А когда мы закончили с едой, Трой посмотрел на меня и сказал:
— А теперь куда?
Я ничего не ответила. Пусть уж берет на себя всю ответственность.
— Я живу неподалеку, — наконец прервал молчание он.
— Да, — я не поднимала глаз от стола. — Вы это уже говорили.
И я пошла к нему, в старый многоквартирный дом на Фэйрфакс. Когда-то, видимо, он выглядел мило, но теперь штукатурка облезла, а газон выгорел.
Мы поднялись на второй этаж. Когда мы подошли к дверям его квартиры, он тронул меня за руку.
— Дайте мне минуту, я немного приберусь.
Я ждала на площадке, опять стараясь ни о чем не думать. Наконец он отпер дверь, и я вошла.
В комнате почти ничего не было, я никогда не видела, чтобы люди жили в таких пустых квартирах. Я вспомнила свой сон, где мы вдвоем сидели на коробках и на окнах развевались белые занавески.
Я огляделась в поисках чего-то, о чем можно было бы поговорить, но тщетно. Ни одной знакомой книги, на видеокассетах одни боевики, а на компакт-дисках — неизвестные мне группы. Говорить не о чем. Боже мой, ведь я совершенно его не знаю.
Но тут он подошел ко мне и, взяв за руки, потянул на диван. И все мои сомнения и страхи потеряли значение.

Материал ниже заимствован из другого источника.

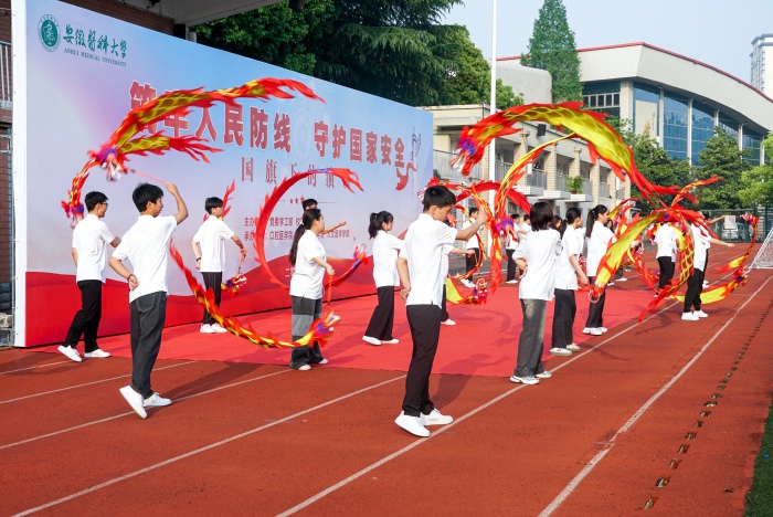 4月22日清晨,筑牢人民防线 守卫国家安全——“国旗下的演讲”主题教育活动在我校梅山路校区体育场举行,新澳门六合彩内幕 学生在活动中为大家带来的精彩的《彩带龙》表演。
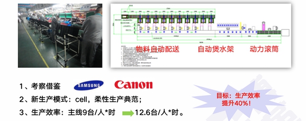 生產模式仿照精益短線,單人設備投入稍高正常生產線,單人效率較正常生產線高20%以上;
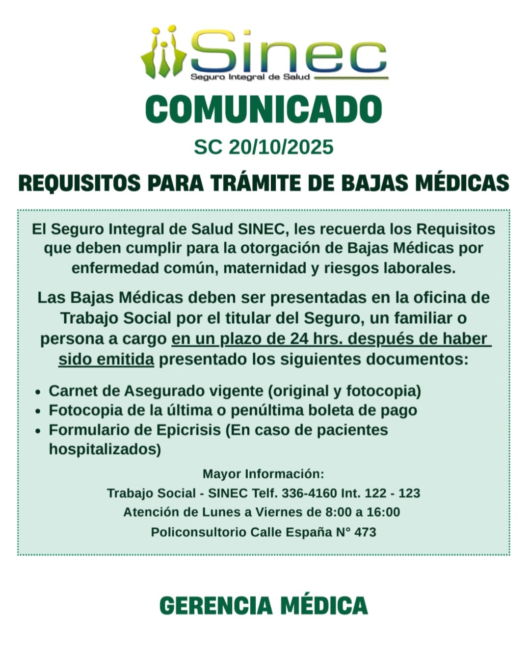REQUISITOS PARA TRAMITE DE BAJA MÉDICA 08/10/2025
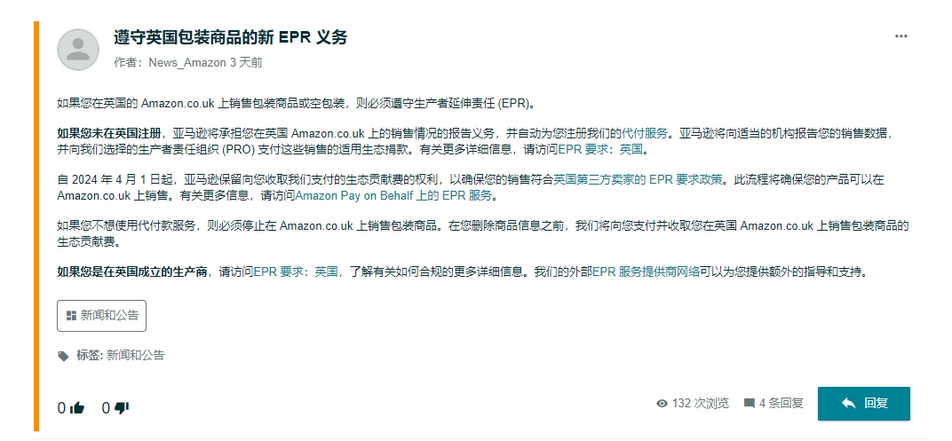 在2月初,亚马逊英国站也发布EPR合规要求公告:如果您在英国的 Amazon.co.uk 上销售包装商品或空包装,则必须遵守生产者延伸责任(EPR)。

Я провела с ним остаток дня. Мы не могли оторваться друг от друга, даже когда пили кофе или принимали душ. Его густые волосы пружинили под моими руками, мускулистое тело было как заводное. Кожа имела привкус горького миндаля.
Мы стали одним целым и не знали усталости.
Мы не разговаривали. Это было совершенно не нужно. Наши тела стали такими близкими друзьями, близнецами, что никакие слова не могли с этим сравниться.
В какой-то момент он назвал меня красавицей. Я сразу представила себя персонажем сказки, вроде «Красавицы и Чудовища». Мне это понравилось.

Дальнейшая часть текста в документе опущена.